The data sharing required for the metaverse to operate could be unprecedented
The sheer number of companies (not to mention legal entities) involved in making the metaverse tick could be on a scale never seen before. The intended experience for the user will require rich personalization, dependent on their profile, preferences, and actions.
Users will be able to move around between different metaverses so that multiple data sets can be collected or shared between different spaces of the metaverse.
Such mass personal data use brings various privacy challenges. A key problem is how to manage the sharing of such personal data and set up the contractual accountability and privacy obligations required to protect its use.
A further layered challenge sits in the fact that additional contractual requirements apply in many countries where personal data is transferred out of certain jurisdictions. Transfers out of the EU have been a particular focus area in the last year and now require careful assessment on a per transfer, per country basis.

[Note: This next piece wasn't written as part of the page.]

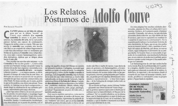 Los relatos póstumos de Adolfo Couve [artículo] Ignacio Valente

How will the metaverse take into account (or not) such requirements, given its all-encompassing, global reach and the aim to achieve freedom of movement within the metaverse? Will regulators be able to provide templates and guidance to allow the right balance between efficiency, pragmatism, and protection of privacy rights for individuals?
Furthermore, how can one determine any jurisdiction within the metaverse? This could ultimately be either the location of the user, the location of the avatar or the location of the relevant server.
The question of applicable privacy laws in the metaverse
The metaverse will connect the person to their “avatar” (or other digital representation(s)). Therefore, regulators around the world would likely consider information collected about a metaverse user’s activities to be personal data, subject to existing privacy and data protection laws.
As those who have practiced privacy and data protection law know, the cross-section of applicable laws, especially in the United States, is a constant challenge. Regulation of a digital interaction may involve the engagement of privacy rules in some countries based on physical location of the organization or the individual; the type of organization or individual (say, a health care organization or a child); the type of data collected (say, race or sexual orientation); and the purpose for collecting the data (for example, marketing or profiling). Applying this cross-section of laws is unwieldy even in a relatively static environment like the Internet. It is unclear how organizations could navigate legal compliance in a persistent, live, synchronous, interoperable digital environment. Organizations operating within the “one-stop-shop” privacy rules of the EU General Data Protection Regulation (GDPR) may fare better here, but this raises another issue – which privacy rules of which country apply in the metaverse? Does it still make sense to have privacy laws such as the California Consumer Privacy Act (CCPA), which focuses on Californian residents, and won’t the metaverse make it even harder for organizations outside of the UK and Europe to know when they are targeting products or services to or monitoring those in the UK and Europe and therefore caught by the GDPR?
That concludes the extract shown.